*** Begin section ***
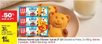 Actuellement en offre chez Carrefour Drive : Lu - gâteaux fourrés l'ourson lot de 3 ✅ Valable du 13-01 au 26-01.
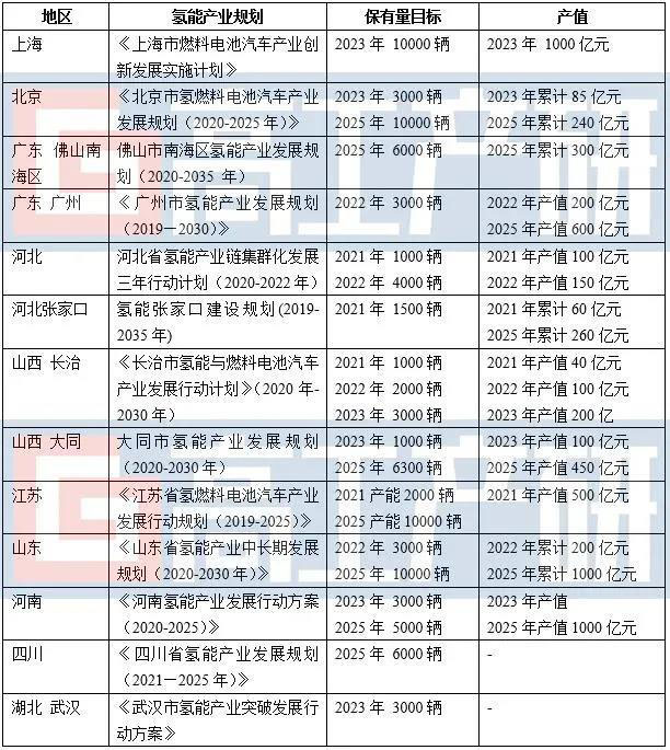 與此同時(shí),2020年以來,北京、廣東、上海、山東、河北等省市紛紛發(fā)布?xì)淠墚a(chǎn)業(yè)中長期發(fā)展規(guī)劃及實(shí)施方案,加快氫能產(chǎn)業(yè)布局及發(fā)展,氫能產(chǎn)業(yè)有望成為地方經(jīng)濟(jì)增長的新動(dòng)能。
*** End section ***
*** Begin section ***
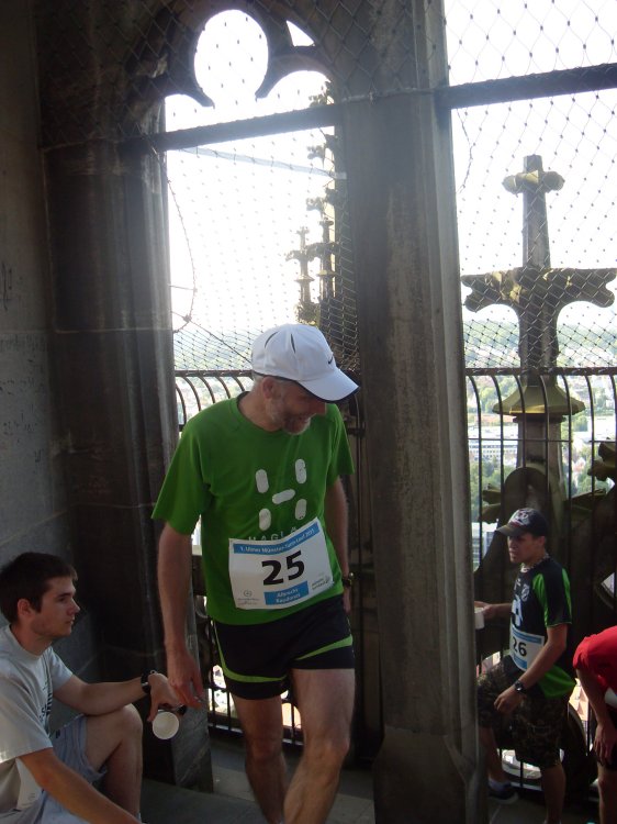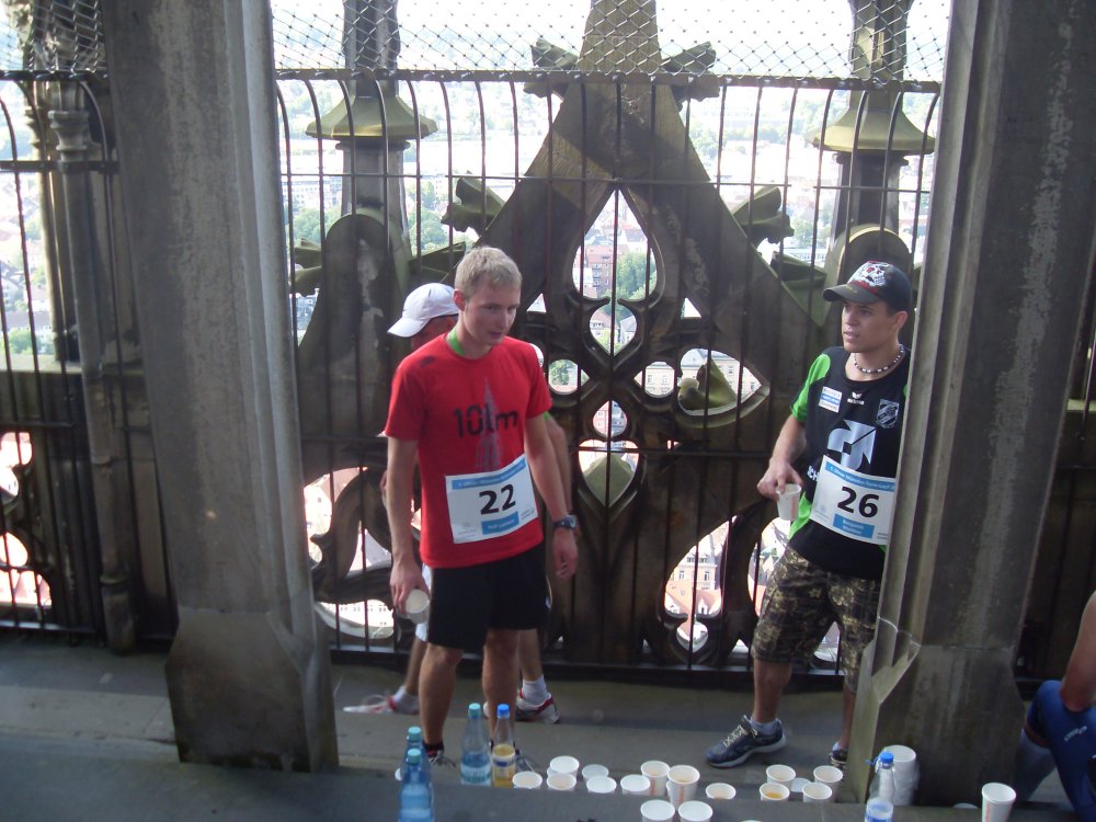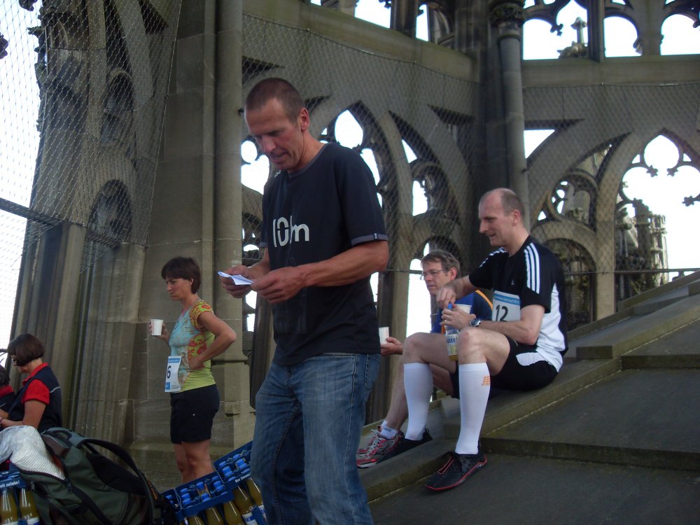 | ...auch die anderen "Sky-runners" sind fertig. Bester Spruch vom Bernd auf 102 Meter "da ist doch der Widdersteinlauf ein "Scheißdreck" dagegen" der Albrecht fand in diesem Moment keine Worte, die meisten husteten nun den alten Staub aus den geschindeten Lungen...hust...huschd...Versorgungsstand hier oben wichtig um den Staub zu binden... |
*** End section ***
» **Directions for this task**: With the pictures omitted, print the lines above exactly, beginning at the line with "Actuellement en offre" and going on through the line with "與此同時(shí),2020".

» **Task answer**:
 Actuellement en offre chez Carrefour Drive : Lu - gâteaux fourrés l'ourson lot de 3 ✅ Valable du 13-01 au 26-01.
 與此同時(shí),2020年以來,北京、廣東、上海、山東、河北等省市紛紛發(fā)布?xì)淠墚a(chǎn)業(yè)中長期發(fā)展規(guī)劃及實(shí)施方案,加快氫能產(chǎn)業(yè)布局及發(fā)展,氫能產(chǎn)業(yè)有望成為地方經(jīng)濟(jì)增長的新動(dòng)能。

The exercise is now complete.